This new law would see key workers such as nurses, railway workers, firefighters and teachers fired for going on strike—from clapping nurses to sacking nurses. The Government say that it is about safety, but that word is not mentioned even once in the pages of the Bill. They say it is about bringing us in line with other European nations, but Britain already has some of the most restrictive anti-union laws in the western world. No matter what they say, it is definitely not about resolving current disputes; it is only about inflaming tensions and making negotiations harder. What the Bill is really about is shifting the balance of power: weakening the power of workers and making it easier for bosses to exploit them and for the Government to ignore them.

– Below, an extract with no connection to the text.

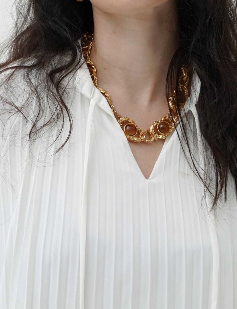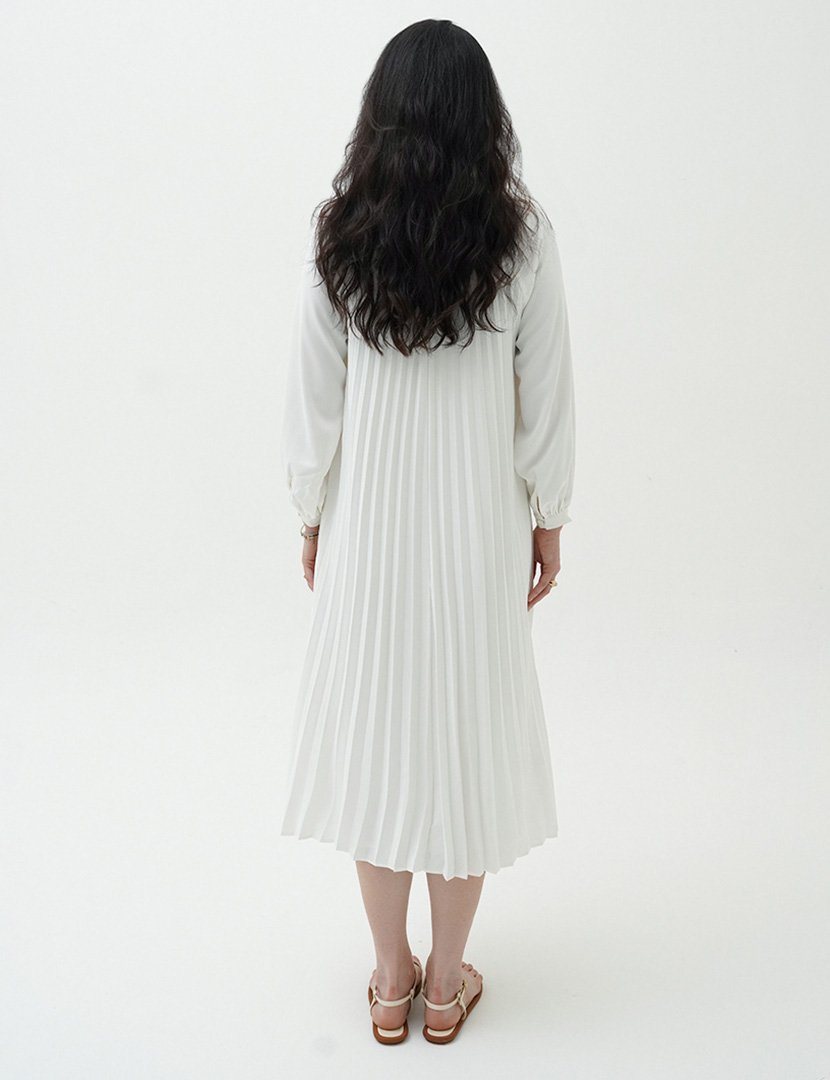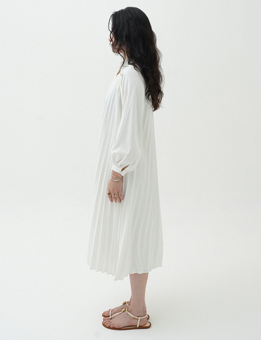 Midi dress in pleated sateen with a round neckline and concealed buttons at the top of the front. Long raglan sleeves, and narrow cuffs with covered buttons.

I will finish with a message to those watching at home who are not sure about the strikes. If your pay is too low and your bills are too high, if you are struggling to make ends meet, and if you cannot get a doctor’s appointment, you are not alone. But the problem is not striking workers, immigrants, refugees, trans people or whoever the right-wing press are scapegoating today. The problem is this Tory Government, their 13 years of disastrous rule and the rigged economy they have built. Alongside record numbers of food banks, Britain has record numbers of billionaires, record profits for big businesses and record wealth for the top 1%. Let us bring together everyone who has had enough and, from the picket line to Parliament, let us fight for a better deal.